After Congress passed a bill to establish the first national bank in early 1791, President George Washington asked Attorney General Edmund Randolph to prepare an opinion on the bill’s constitutionality. Randolph came down firmly against the measure, arguing that the Constitution didn’t delegate to Congress the power to charter corporations.
Alexander Hamilton submitted a report to Congress recommending the establishment of the Bank of the United States in December 1790. In response, Sen. Caleb Strong introduced a bill to charter the bank. The bill passed the Senate on Jan. 20, 1791. The House passed the bill a month later, sending it to President Washington’s desk.
As Washington considered whether or not to sign the bill, he discussed it with Randolph on at least two occasions between Feb. 8 and Feb. 11, 1791. At Washington’s request, Randolph provided a written opinion. In a cover letter sent with his draft dated Feb. 12, Randolph wrote that the “substance of the dispute … arises from an examination of the Constitution itself.”
Randolph was a prominent Virginian and was considered one of the top legal experts in the country at the time. When Thomas Jefferson was out of the country, Randolph took over his clients. He also represented Washington in his business affairs.

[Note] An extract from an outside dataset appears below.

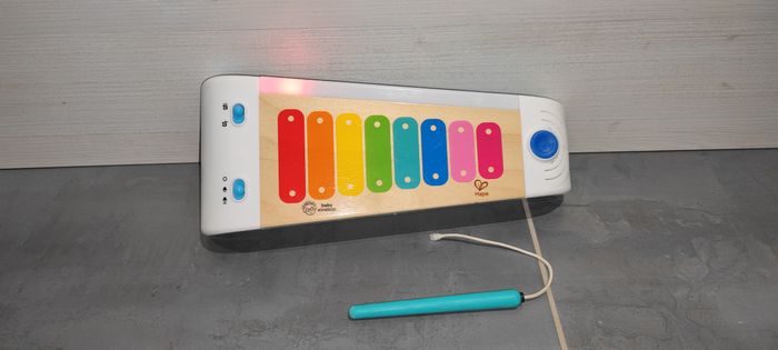 Xylophone tactile baby Einstein Hape Très peu servi donc en excellent état Juste j'ai coupé le fil qui relié le xylo au stylet car ma fille le prenant de la main gauche il était trop court ❗Vendu sans piles ❗

Randolph was a participant in the Philadelphia Convention. He was one of four prominent lawyers who drafted the Constitution’s necessary and proper clause, along with John Rutledge, Oliver Ellsworth, and James Wilson, all three of whom were to later serve as Supreme Court justices. Randolph initially refused to sign the Constitution, but later shifted his position and supported ratification during the Virginia Convention.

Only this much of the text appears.